Updating for testing broadcast data-stream by operator broadcast() with keyed-datastream

After testing in Flink 1.4.2, I found the broadcast datastream(by old operater broadcast()) can connect with keyed datastream, below is the test code, and we found all of the control stream events broadcast to all operator instance.

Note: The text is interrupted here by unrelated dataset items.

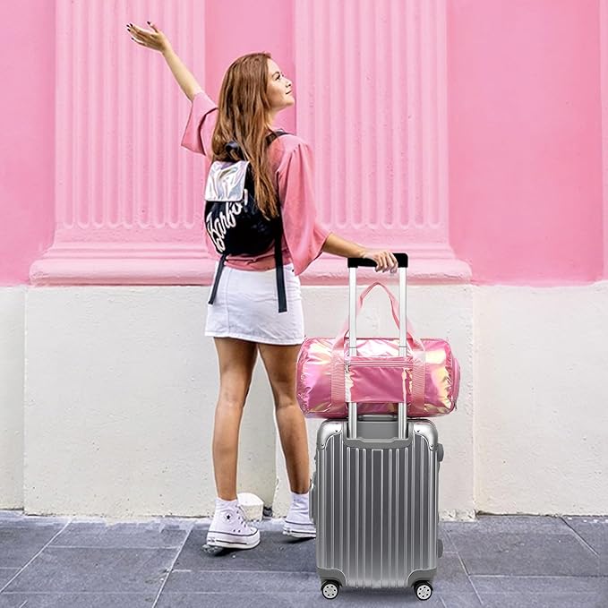 Gym Bag Sports Duffle Bag with Wet Pocket Weekender Overnight Bag with Waterproof Shoe Pouch and Air Hole for Girls Kids Women Travel Foldable Bag
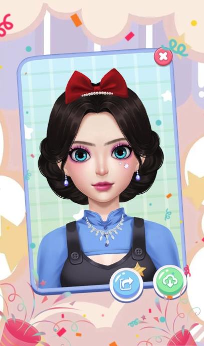 1、和全国玩家分享你的创作,还能够将美丽瞬间拍摄下来。游戏内置强大的社交分享功能,你可以将自己的得意作品上传到社区,与其他玩家交流化妆心得,互相点赞评论,还能参加每周举办的时尚造型大赛,赢取专属限定奖励。
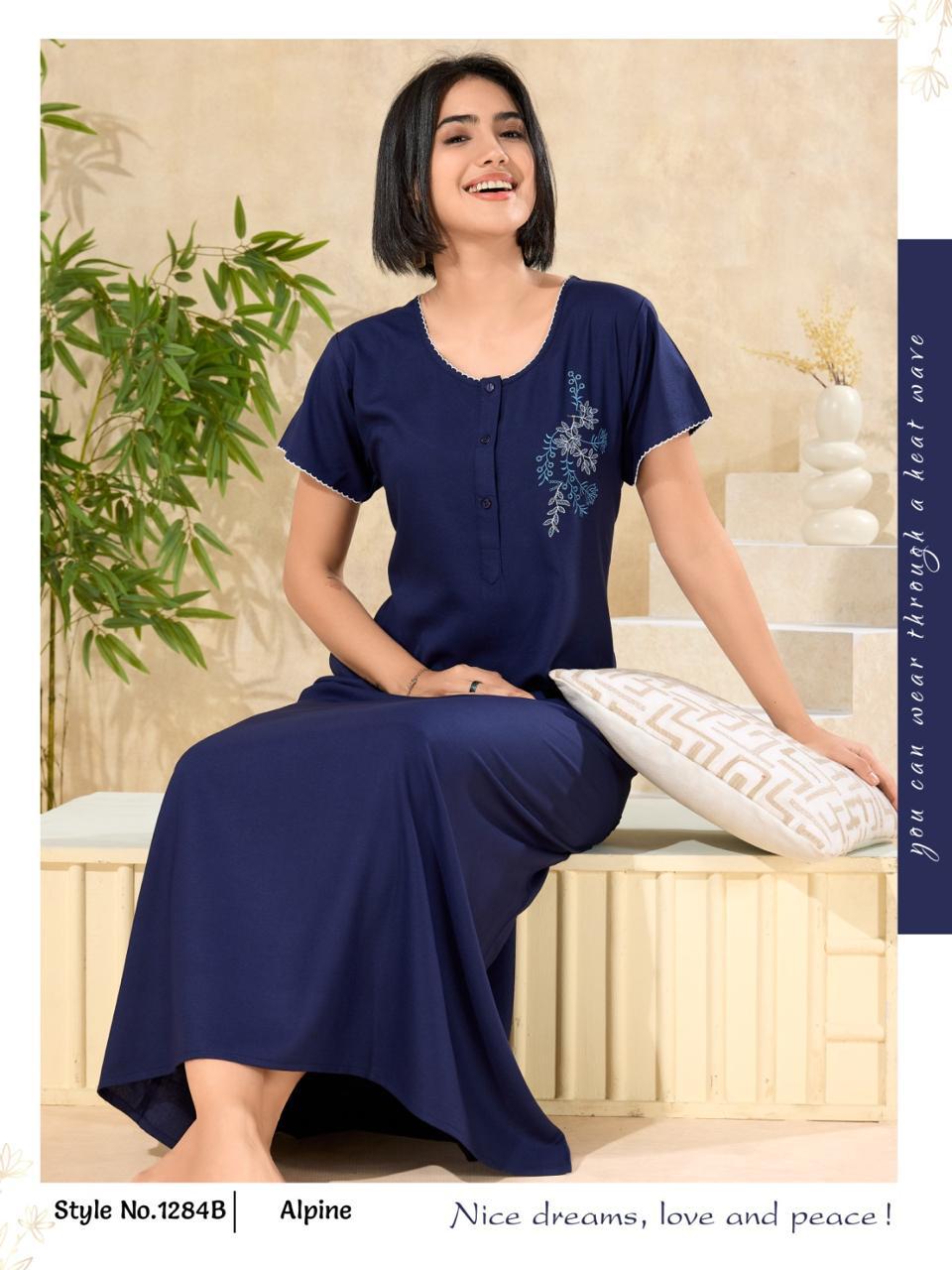 This nightgown is made of Supima Cotton Fabric. Our Supima Cotton Fabric nighty is made from a luxurious blend of fabrics, including 12% pre-combed Alpine cotton, 37% Rayon, and 51% Polyester. This unique combination ensures a breathable and comfortable experience. The fabric is gentle on the skin, making it perfect for all-day wear.

So it seems the old broadcast() can achieve the same functionality as new "broadcast state" .

public static void ConnectBroadToKeyedStream() throws Exception {
    StreamExecutionEnvironment env =
            StreamExecutionEnvironment.getExecutionEnvironment().setParallelism(3);

    List<Tuple1<String>>
            controlData = new ArrayList<Tuple1<String>>();
    controlData.add(new Tuple1<String>("DROP"));
    controlData.add(new Tuple1<String>("IGNORE"));
    DataStream<Tuple1<String>> control = env.fromCollection(controlData);//.keyBy(0);

    List<Tuple1<String>>
            dataStreamData = new ArrayList<Tuple1<String>>();
    dataStreamData.add(new Tuple1<String>("data"));
    dataStreamData.add(new Tuple1<String>("DROP"));
    dataStreamData.add(new Tuple1<String>("artisans"));
    dataStreamData.add(new Tuple1<String>("IGNORE"));
    dataStreamData.add(new Tuple1<String>("IGNORE"));
    dataStreamData.add(new Tuple1<String>("IGNORE"));
    dataStreamData.add(new Tuple1<String>("IGNORE"));

    // DataStream<String> data2 = env.fromElements("data", "DROP", "artisans", "IGNORE");
    DataStream<Tuple1<String>> keyedDataStream = env.fromCollection(dataStreamData).keyBy(0);

    DataStream<String> result = control
            .broadcast()
            .connect(keyedDataStream)
            .flatMap(new MyCoFlatMap());
    result.print();
    env.execute();
}

private static final class MyCoFlatMap
        implements CoFlatMapFunction<Tuple1<String>, Tuple1<String>, String> {
    HashSet blacklist = new HashSet();

    @Override
    public void flatMap1(Tuple1<String> control_value, Collector<String> out) {
        blacklist.add(control_value);
        out.collect("listed " + control_value);
    }

    @Override
    public void flatMap2(Tuple1<String> data_value, Collector<String> out) {

        if (blacklist.contains(data_value)) {
            out.collect("skipped " + data_value);
        } else {
            out.collect("passed " + data_value);
        }
    }
}

Below is the test result.

1> passed (data)
1> passed (DROP)
3> passed (artisans)
3> passed (IGNORE)
3> passed (IGNORE)
3> passed (IGNORE)
3> passed (IGNORE)
3> listed (DROP)
3> listed (IGNORE)
1> listed (DROP)
1> listed (IGNORE)
2> listed (DROP)
2> listed (IGNORE)

https://data-artisans.com/blog/apache-flink-1-5-0-release-announcement

YuFeng Shen
  • 1,475
  • 1
  • 17
  • 41

2 Answers2

2

Without broadcast state, two Flink data streams can not be processed together in a stateful way unless they are keyed in exactly the same way. A broadcast stream can be connected to a keyed stream, but if you then try to use keyed state in a RichCoFlatMap, for example, that will fail.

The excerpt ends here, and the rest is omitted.